Emerging evidence supports a protective effect of platelets in experimental cholestatic liver injury and cholangiofibrosis. Coagulation-mediated platelet activation has been shown to inhibit experimental chronic cholestatic liver necrosis and biliary fibrosis. This occurs through thrombin-mediated activation of protease activated receptor-4 (PAR-4) in mice. However, it is not known whether other pathways of platelet activation, such as adenosine diphosphate (ADP)-mediated receptor P2Y12 activation is also protective.
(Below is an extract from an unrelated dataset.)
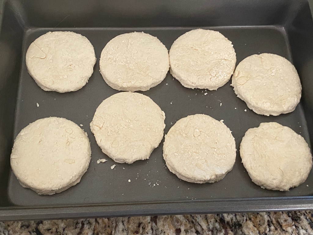 External Note: My mother stated that the biscuit recipe truly doesn’t matter, because nearly all of them are the same. One of her notes is to use good quality shortening like Crisco, because the brand of shortening you use will make a difference in the outcome. Another one is that a buttermilk biscuit recipe will come out really good, so be sure to use one that involves buttermilk. She’s made biscuits so much that she doesn’t even look at a recipe anymore. However, here’s a recipe that my mother has used to help get you started: https://www.bettycrocker.com/recipes/angel-biscuits/153e3d3e-9fb0-4593-bba8-12111dbaf6b8
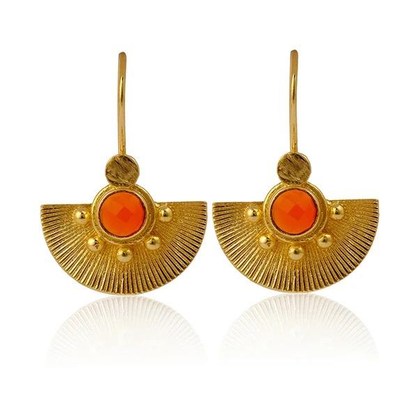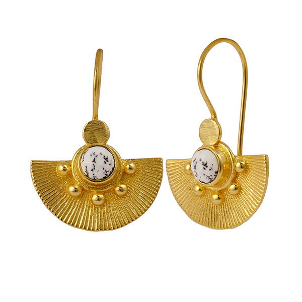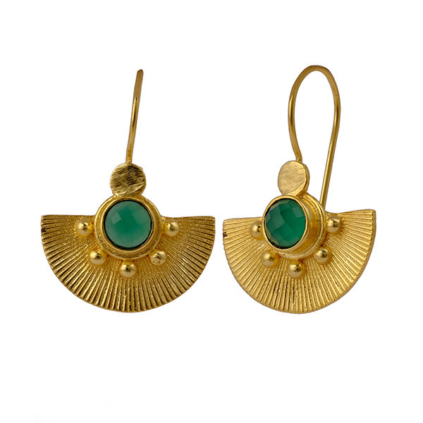 ต่างหูชุบทองของผู้หญิงทันสมัยโอนิกซ์ทำด้วยมือเครื่องประดับทองเหลืองอย่างดีพร้อมต่างหูห้อยอัญมณีธรรมชาติ

We tested the hypothesis that inhibition of P2Y12-mediated platelet activation exacerbates hepatic injury and cholangiofibrosis, and examined the impact of P2Y12 inhibition in both the presence and absence of PAR-4. Treatment of wild-type mice with the P2Y12 receptor antagonist clopidogrel increased biliary hyperplasia and cholangiofibrosis in wild-type mice exposed to the xenobiotic alpha-naphthylisothiocyanate (ANIT) for 4 weeks compared to vehicle-treated mice exposed to ANIT. Interestingly, this effect of clopidogrel occurred without a corresponding increase in hepatocellular necrosis. Whereas biliary hyperplasia and cholangiofibrosis were increased in PAR-4(-/-) mice, clopidogrel treatment failed to further increase these pathologies in PAR-4(-/-) mice. The results indicate that inhibition of receptor P2Y12-mediated platelet activation exacerbates bile duct fibrosis in ANIT-exposed mice, independent of hepatocellular necrosis. Moreover, the lack of an added effect of clopidogrel administration on the exaggerated pathology in ANIT-exposed PAR-4(-/-) mice reinforces the prevailing importance of coagulation-mediated platelet activation in limiting this unique liver pathology.

摘要

新出现的证据支持血小板在实验性胆汁淤积性肝损伤和胆管纤维化中具有保护作用。凝血介导的血小板活化已被证明可抑制实验性慢性胆汁淤积性肝坏死和胆管纤维化。这一过程通过凝血酶介导的小鼠蛋白酶激活受体-4(PAR-4)活化来实现。然而,尚不清楚血小板活化的其他途径,如二磷酸腺苷(ADP)介导的受体P2Y12活化是否也具有保护作用。我们检验了以下假设:抑制P2Y12介导的血小板活化会加剧肝损伤和胆管纤维化,并研究了在存在和不存在PAR-4的情况下抑制P2Y12的影响。与接受α-萘基异硫氰酸酯(ANIT)处理4周的野生型小鼠相比,用P2Y12受体拮抗剂氯吡格雷处理野生型小鼠,增加了胆管增生和胆管纤维化。有趣的是,氯吡格雷的这种作用并未伴随着肝细胞坏死的相应增加。虽然PAR-4基因敲除(-/-)小鼠的胆管增生和胆管纤维化增加,但氯吡格雷处理未能进一步加重PAR-4基因敲除(-/-)小鼠的这些病理变化。结果表明,抑制受体P2Y12介导的血小板活化会加剧ANIT暴露小鼠的胆管纤维化,且与肝细胞坏死无关。此外,氯吡格雷给药对ANIT暴露的PAR-4基因敲除(-/-)小鼠中过度病理变化缺乏额外影响,这进一步强调了凝血介导的血小板活化在限制这种独特肝脏病理变化中的重要性。